Stockholm Exergi just hoisted a pipe bridge the length of an American football field into place, connecting Stockholm’s largest combined heat and power plant to a new BECCS (bioenergy with carbon capture and storage) facility next to the harbor. When operational, the retrofit will pull 720,000 tons of biogenic CO₂ out of flue gas each year, making it one of the largest engineered carbon removal projects under construction anywhere.
Why this matters
Most CDR headlines are about contracts, offtake deals, or modeling studies. This one is about steel in the air. Stockholm Exergi reached final investment decision just over a year ago, and they are already installing the backbone piping that will move flue gas from combustion to capture. That pace, from FID to major structural installation in roughly twelve months, is a useful data point for anyone tracking whether large-scale CDR can actually get built on timelines that matter. BECCS also sits in a strange spot in the CDR conversation. It is high on the technology readiness ladder compared to direct air capture, because every component (biomass combustion, amine-based capture, CO₂ compression, transport) has industrial precedent. But it depends entirely on two things being true: the biomass has to be genuinely sustainable, and the CO₂ has to be durably stored. The engineering is the easy part. Stockholm Exergi is now showing us what the easy part actually looks like.
The details
The capture plant is being retrofitted onto Värtaverket, Stockholm’s largest CHP plant, which burns waste biomass to produce district heat and electricity for the city.
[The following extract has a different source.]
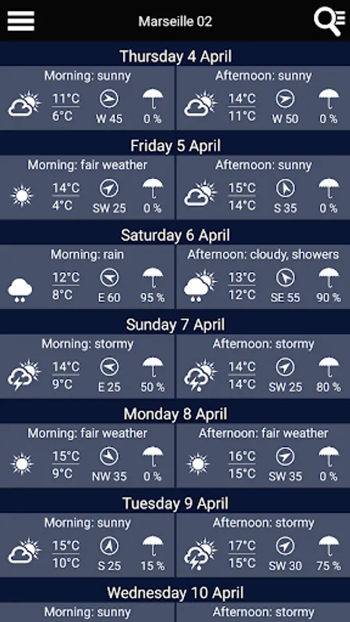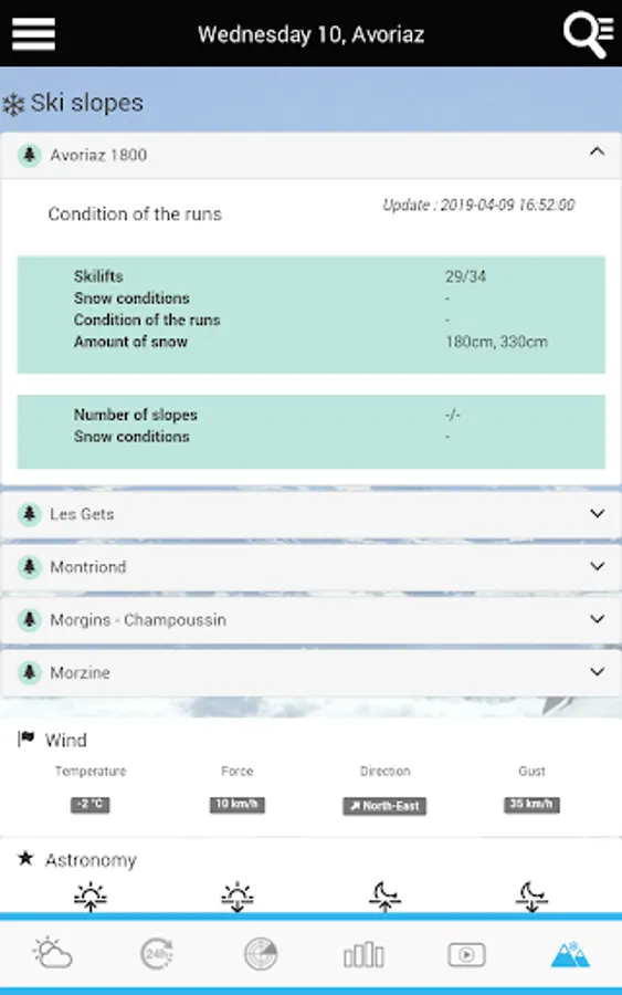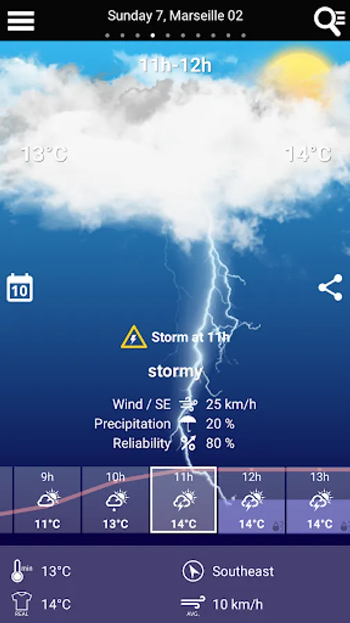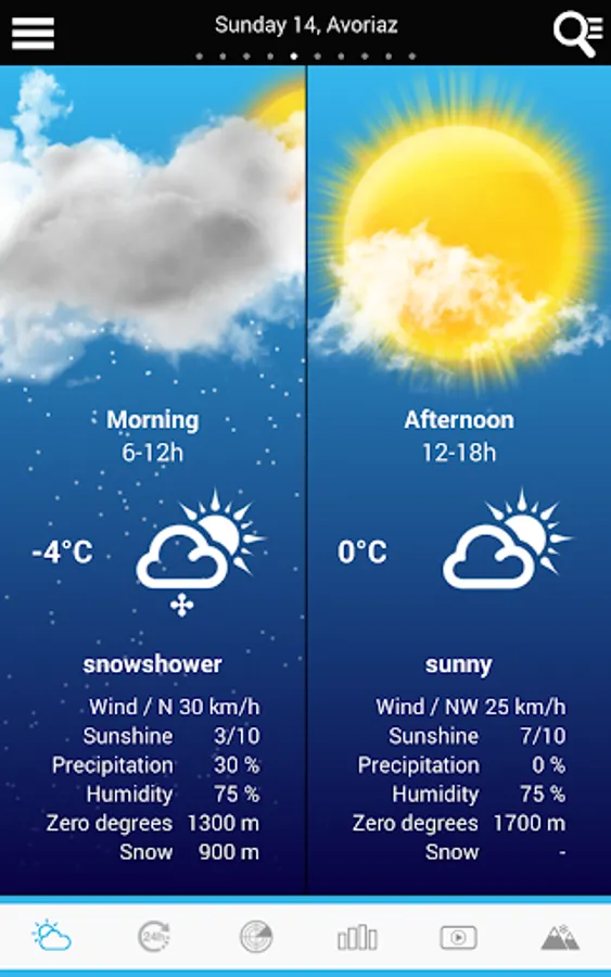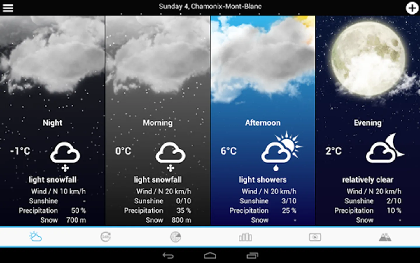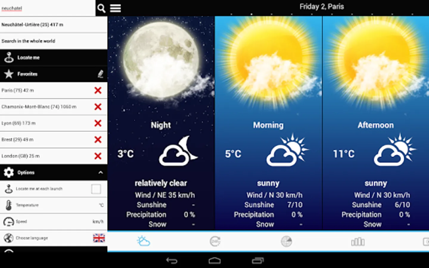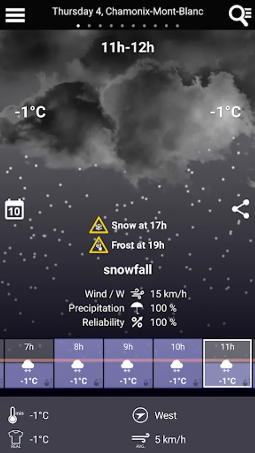 - Detailed weather forecast in 1 hour steps of the whole day in France, Belgium and Switzerland

The flue gas from that combustion contains CO₂ that originated in trees and plants. Capturing and permanently storing it yields net-negative emissions, which is the basic BECCS proposition. The pipe bridge is the physical link between the combustion side and the capture side. Flue gas is hot, corrosive, and voluminous, so the piping has to be engineered carefully and insulated well. According to Frontier’s post describing the installation, the bridge was fabricated offsite, delivered by boat through Stockholm’s harbor, and lifted into position using a heavy-lift vehicle. That kind of modular, marine-delivered construction is how you build fast in a dense urban site where you cannot shut down the power plant that is heating the city. Annual capture capacity: 720,000 tons of biogenic CO₂. For reference, that is in the same order of magnitude as the total volume of durable CDR delivered globally to date across all technologies. One facility. One year of operation.
Implications
The first implication is for buyers. Frontier, the advance market commitment organized by Stripe, Alphabet, Shopify, Meta, McKinsey and others, has been a public supporter of Stockholm Exergi. Large BECCS projects like this one can deliver volume that DAC developers simply cannot match this decade, and at lower per-ton cost. If you are a corporate buyer trying to hit a 2030 CDR commitment, BECCS retrofits on existing biomass plants are probably the most credible near-term option for six-figure ton volumes. The second implication is for project developers. Retrofitting an existing CHP plant in a harbor city is hard, but it is also a template. Europe has a lot of biomass-fired district heating, much of it near ports, much of it already owned by utilities that have the balance sheet to take on CapEx (the upfront capital cost of building the facility). Stockholm Exergi is effectively derisking a playbook that others can run. The third implication is about CO₂ transport. Stockholm harbor is not an accident. Captured CO₂ will need to be liquefied and shipped, presumably to North Sea storage sites. The harbor-adjacent siting makes the logistics work. Inland biomass plants will have a harder time pencilling out without pipeline networks.
Caveats
None of this changes the fact that BECCS is only as good as its biomass supply chain and its storage. Stockholm Exergi says it burns waste biomass, meaning residues that would otherwise decompose or be incinerated without capture. If that supply chain holds up to scrutiny (and it needs to, through rigorous MRV, meaning measurement, reporting, and verification), the removals are real. If the biomass turns out to be sourced in ways that reduce forest carbon stocks, the math changes quickly. Storage durability matters just as much. The value of BECCS collapses if the CO₂ leaks. The project depends on whatever geological storage contract Stockholm Exergi ultimately uses being genuinely permanent on geologic timescales. And a hoisted pipe bridge is a milestone, not a finish line. Commissioning, first capture, and ramp to nameplate capacity are all still ahead. Plenty of industrial projects have installed impressive hardware and then run into problems with solvent chemistry, flue gas impurities, or heat integration. We will know this project works when it is actually capturing 720,000 tons a year and shipping them to permanent storage. Worth saying clearly: removals like these exist to handle residual emissions from sectors that genuinely cannot decarbonize. They are not a reason to slow down the phase-out of fossil fuels. They are a reason to build faster on both fronts. For now, though, a football-field pipe bridge is in the air over Stockholm harbor. That counts.